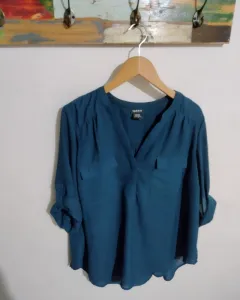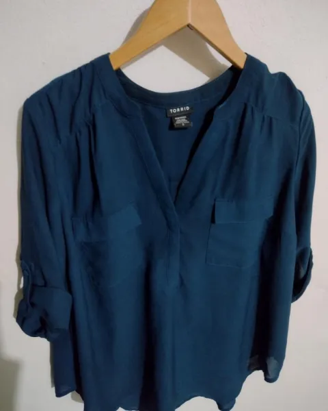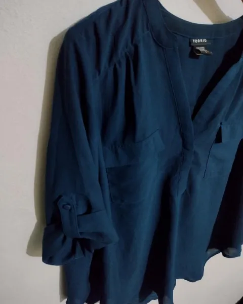 Blusa azul torrid. Bonita blusa, las mangas se pueden arremangar, con bolsillos al frente. En perfecto estado
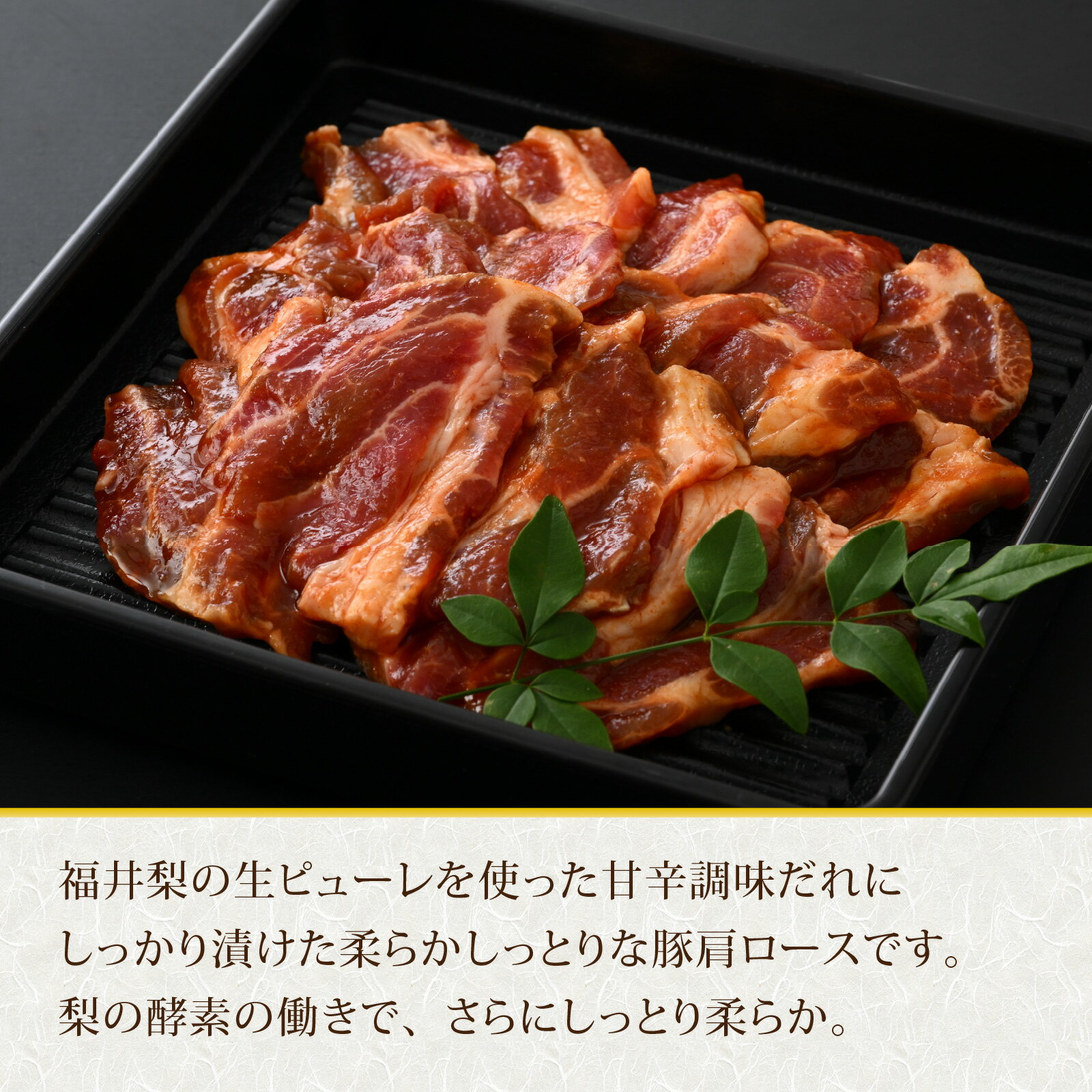 【ふるさと納税】福井梨だれ漬豚焼肉 計600g [A-108003] / 肉 豚肉 肩ロース 冷凍 国産 ホクチク 真空パック キャンプ アウトドア バーベキュー フェス BBQ ブランド肉 福井 のし送料無料
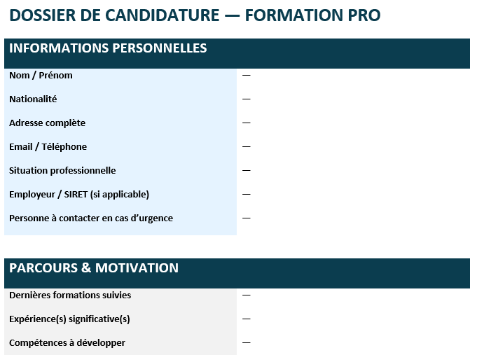 Vos données sont traitées pour l’étude de votre candidature et l’organisation de la formation. Vous pouvez exercer vos droits d’accès, de rectification et de suppression via [contact]. Données conservées [durée], puis purgées.
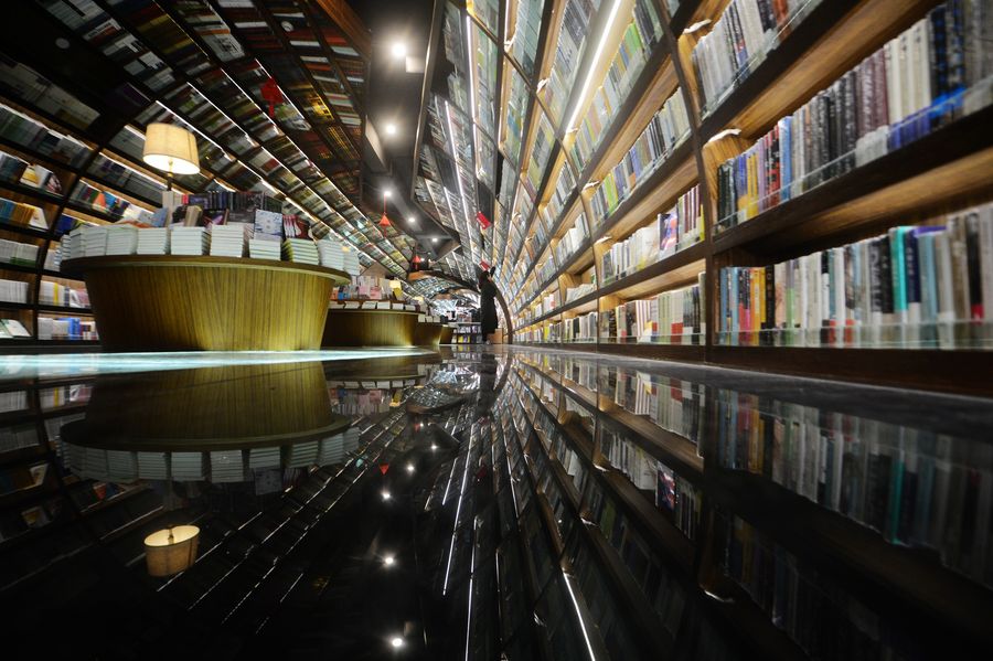 A reader selects books at Zhongshuge Bookstore in Yangzhou City, east China's Jiangsu Province, Feb. 17, 2018. (Xinhua/Meng Delong)
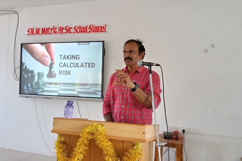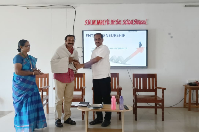 SNM Career Guidance Cell organised a guest lecture for the students of Std XI and XII on the topic "Succeed with entrepreneurial skills". The chief guest and the Resource Person was Mr. R. S. Selvakumar, a successful business tycoon. The Secretary of our school, Mr. M. Venkatesan felicitated the chief guest in the esteemed presence of the Principal, Ms. S. Selvi
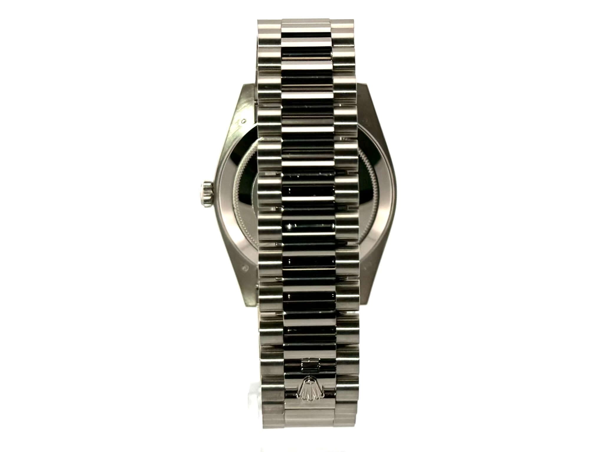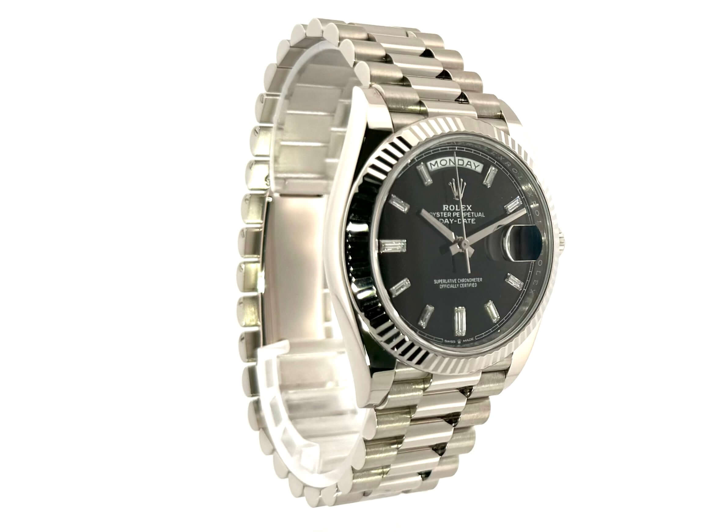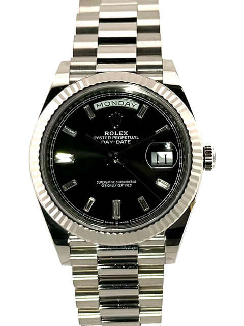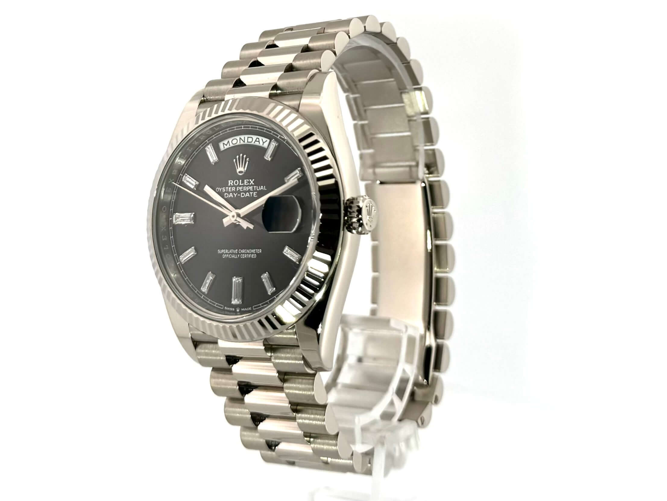 Gehäuse aus 18 kt Weißgold poliert, Gehäusedurchmesser 40 mm, Lünette aus 18 kt Weißgold geriffelt, Präsident Armband aus 18 kt Weißgold poliert und satiniert mit Faltschließe, schwarzes Diamantzifferblatt, Automatikwerk, Rolex Manufakturkaliber 3255, Datum mit Glaslupe bei 3 Uhr, Chronometer, kratzfestes Saphirglas, verschraubter Boden aus 18 kt Weißgold, Wasserdicht bis zu 10 bar.
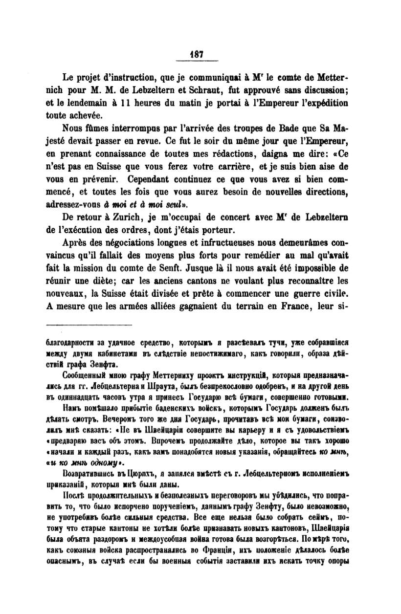 fait la mission du comte de Senft. Jusque
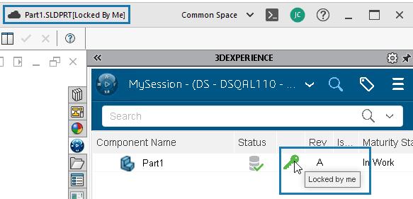 Puede ver la información del ciclo de vida de los archivos de MySession directamente en el árbol de diseño de FeatureManager y en otras ubicaciones en la aplicación Design with SOLIDWORKS.
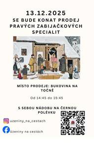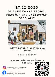 Bukovina: Dnes od 14:45 do 15:45 probehne na tocne prodej tradicnich zabijackovych specialit. Nadobu na cernou polevku nezapomente s sebou.
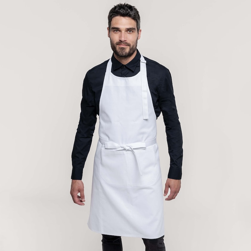 Tablier de haute qualité lavable en machine à haute température. Le tablier est lavable en machine jusqu'à 60 degrés et en machine industrielle jusqu'à 85 degrés suivant la norme ISO 15797. Sur le devant du tablier se trouve une grande poche avec deux compartiments. Le tablier fait 90 cm de long et 76 cm de large.
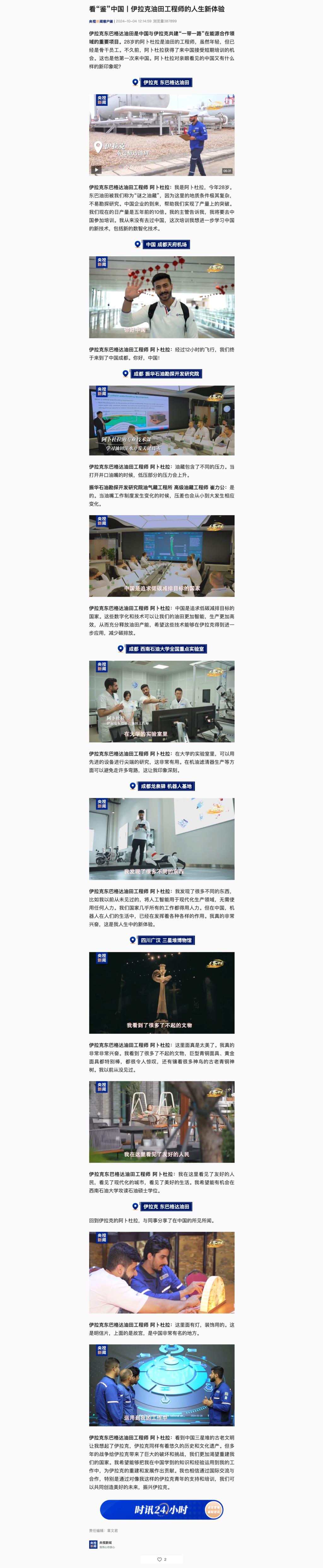 伊拉克東巴格達油田工程師 阿卜杜拉:我是阿卜杜拉,今年28歲。東巴油田被我們稱為“謎之油藏”,因為這里的地質條件極其復雜,不易勘探研究。中國企業的到來,幫助我們實現了產量上的突破。我們現在的日產量是五年前的10倍。我的主管告訴我,我將要去中國參加培訓。我從來沒有去過中國,這次培訓我想進一步學習中國的新技術,包括新的數智化技術。
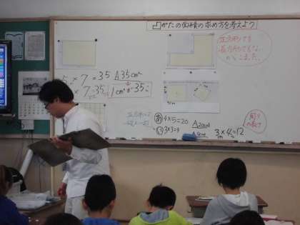 算数の時間に,「面積」を学習しています。今日は,Lがたの面積の求め方を考えていました。
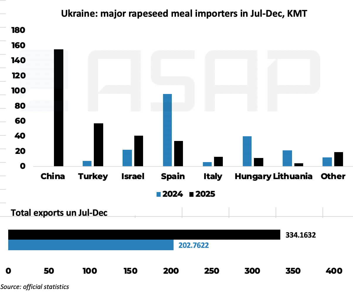 Низький урожай соняшнику змусив переробників шукати альтернативну сировину, щоб не зупиняти заводи. Ріпак став природною заміною. Додатково спрацювало й 10% мито на експорт насіння для посередників: більше ріпаку залишилося в країні та пішло в переробку. У результаті за липень–грудень Україна експортувала 334 тис. т ріпакового шроту проти 203 тис. т роком раніше.
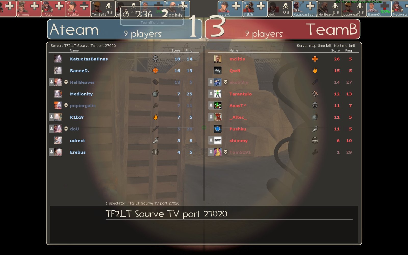 O kadangi susitarėm, kad A komanda laimėjo Badwater, o B komanda Badlands, dėl to ir žaidėm trečią žemėlapį Gravelpit ir visiškai sąžiningai ir užtikrintai laimėjo B komanda.
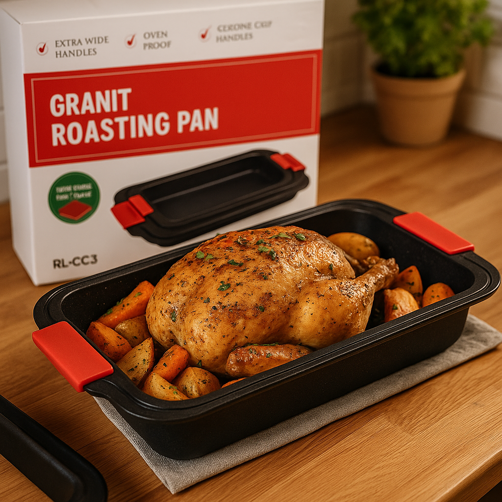 A 3 rétegű, karbonacél alapú gránit bevonat garantálja a tökéletes hőeloszlást, a tapadásmentes sütést és a könnyű tisztítást – hogy a főzés ne legyen fáradság, hanem élmény.
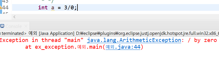 슬러시(/) 뒤에 예외발생의 원인이 나온다. : by zero => 0으로 나눠서 발생
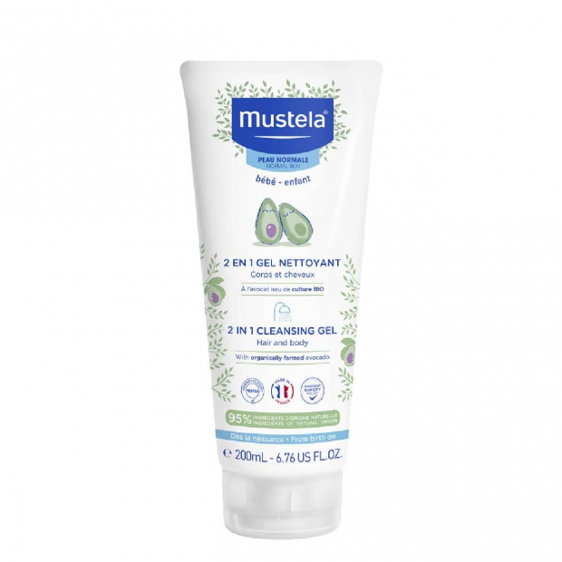 Mustela Bebé Gel 2 em 1 Corpo e Cabelo é um gel lavante sem sabão que limpa a pele e lava o cabelo do bebé sem irritar o couro cabeludo.
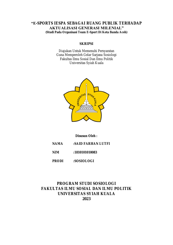 SAID FARHAN LUTFI, “E-SPORTS IESPA SEBAGAI RUANG PUBLIK TERHADAP AKTUALISASI GENERASI MILENIAL”(STUDI PADA ORGANISASI TEAM E-SPORT DI KOTA BANDA ACEH). Banda Aceh Fakultas Ilmu Sosial dan Politik,2023
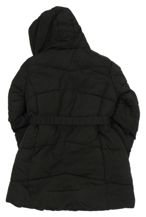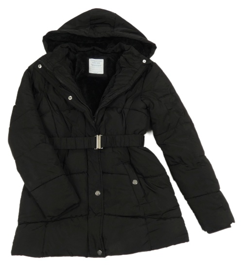 Černý šusťákový zimní kabát s páskem a kapucí Primark
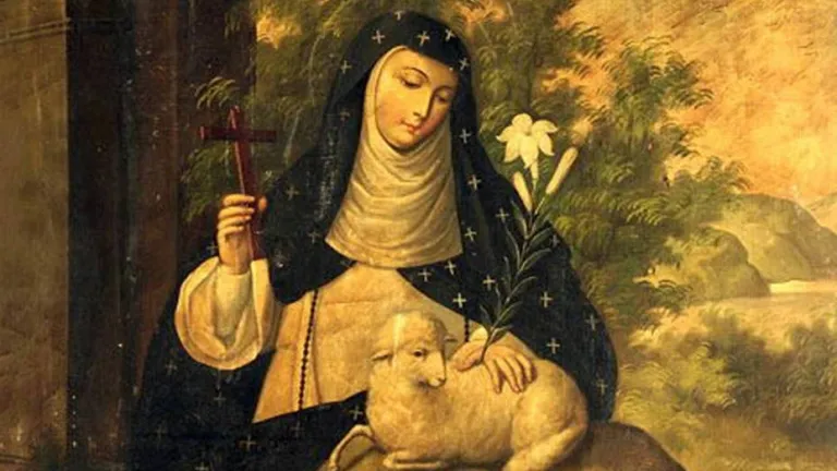 Iconografía: Se le representa con el hábito de dominica y un Cordero, signo de Cristo, el Esposo.
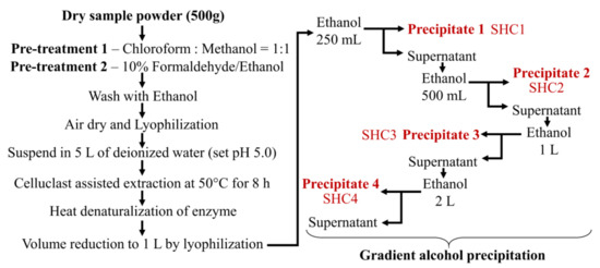 The ratio of ethanol was determined following optimization studies. As the first step in gradient ethanol precipitation, 250 mL of ethanol was gently added to 1 L of the extract while stirring. The mixture was incubated at 4 °C for 12 h, allowing it to equilibrate while precipitating the polysaccharides (Figure 1). After, the mixture was centrifuged at 5000× g for 20 min at 4 °C to obtain the first precipitate designated as SHC1. Sequentially the second, third and fourth precipitates were collected by, respectively adding 500 mL, 1 L and 2 L of ethanol to the supernatant after each precipitation step. All precipitates were dually washed with 95% ethanol (homogenization) and centrifuged to recover the polymer. Finally, the precipitates were dissolved in deionized water and dialyzed using 3.5-kD molecular weight cutoff dialysis membranes (Spectra/Por, Los Angeles, CA, USA). Polysaccharide fractions were lyophilized and stored at −20 °C for proceeding experiments.
********
WHAT IS REQUIRED: Transcribe the lines above exactly, beginning at the one with "Černý šusťákový zimní" and ending at the one with "Iconografía: Se le". Include both; exclude the pictures.

OUTPUT OF THE TASK:
 Černý šusťákový zimní kabát s páskem a kapucí Primark
 Iconografía: Se le representa con el hábito de dominica y un Cordero, signo de Cristo, el Esposo.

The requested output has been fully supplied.